▶ **Data records**
┏━━

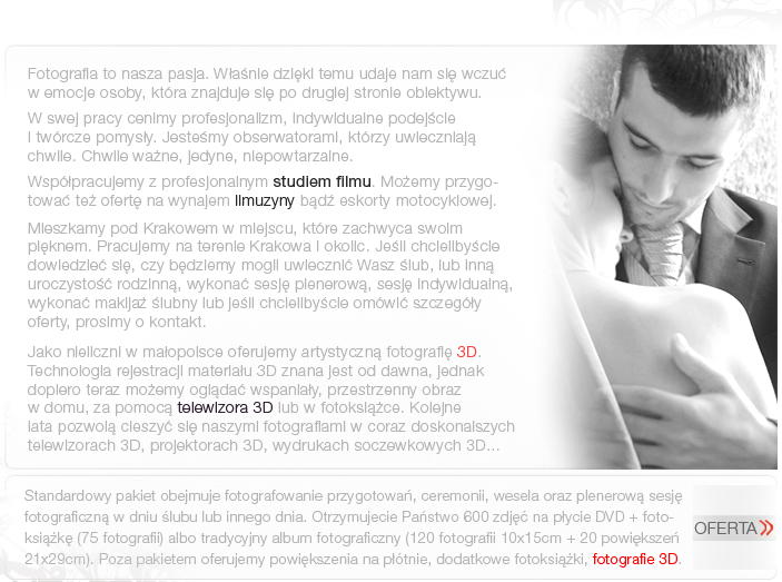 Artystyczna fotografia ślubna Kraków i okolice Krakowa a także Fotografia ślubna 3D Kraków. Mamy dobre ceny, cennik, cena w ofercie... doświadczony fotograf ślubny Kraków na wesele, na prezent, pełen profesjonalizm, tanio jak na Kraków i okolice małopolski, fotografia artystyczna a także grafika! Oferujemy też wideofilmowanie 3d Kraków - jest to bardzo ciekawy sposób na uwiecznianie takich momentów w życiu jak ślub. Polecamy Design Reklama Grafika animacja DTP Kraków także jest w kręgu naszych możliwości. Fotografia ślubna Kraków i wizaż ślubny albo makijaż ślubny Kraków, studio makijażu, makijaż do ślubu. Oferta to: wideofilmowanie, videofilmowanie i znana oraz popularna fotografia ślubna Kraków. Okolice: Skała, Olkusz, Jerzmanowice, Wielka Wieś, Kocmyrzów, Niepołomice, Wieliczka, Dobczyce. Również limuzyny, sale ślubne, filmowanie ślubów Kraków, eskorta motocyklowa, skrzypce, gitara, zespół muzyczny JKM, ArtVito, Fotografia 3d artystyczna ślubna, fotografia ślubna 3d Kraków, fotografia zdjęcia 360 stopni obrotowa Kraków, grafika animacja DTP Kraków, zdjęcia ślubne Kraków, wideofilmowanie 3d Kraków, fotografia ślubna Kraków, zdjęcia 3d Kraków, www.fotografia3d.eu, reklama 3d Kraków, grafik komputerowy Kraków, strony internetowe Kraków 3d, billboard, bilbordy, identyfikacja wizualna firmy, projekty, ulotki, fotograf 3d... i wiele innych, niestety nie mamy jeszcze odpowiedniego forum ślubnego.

┗━━
┏━━

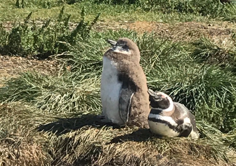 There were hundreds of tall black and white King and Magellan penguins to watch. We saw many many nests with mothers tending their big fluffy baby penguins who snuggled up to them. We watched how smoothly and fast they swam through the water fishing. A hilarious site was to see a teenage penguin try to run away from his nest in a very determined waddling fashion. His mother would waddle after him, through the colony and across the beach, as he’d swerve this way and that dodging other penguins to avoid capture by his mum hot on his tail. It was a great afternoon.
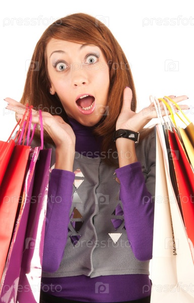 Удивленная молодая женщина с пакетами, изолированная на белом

┗━━

▶ **Required work**
What you return from the records above should be exactly everything from the line with "There were hundreds" down to the line with "Удивленная молодая женщина", both kept, and no pictures.

▶ **Response to the exercise**
 There were hundreds of tall black and white King and Magellan penguins to watch. We saw many many nests with mothers tending their big fluffy baby penguins who snuggled up to them. We watched how smoothly and fast they swam through the water fishing. A hilarious site was to see a teenage penguin try to run away from his nest in a very determined waddling fashion. His mother would waddle after him, through the colony and across the beach, as he’d swerve this way and that dodging other penguins to avoid capture by his mum hot on his tail. It was a great afternoon.
 Удивленная молодая женщина с пакетами, изолированная на белом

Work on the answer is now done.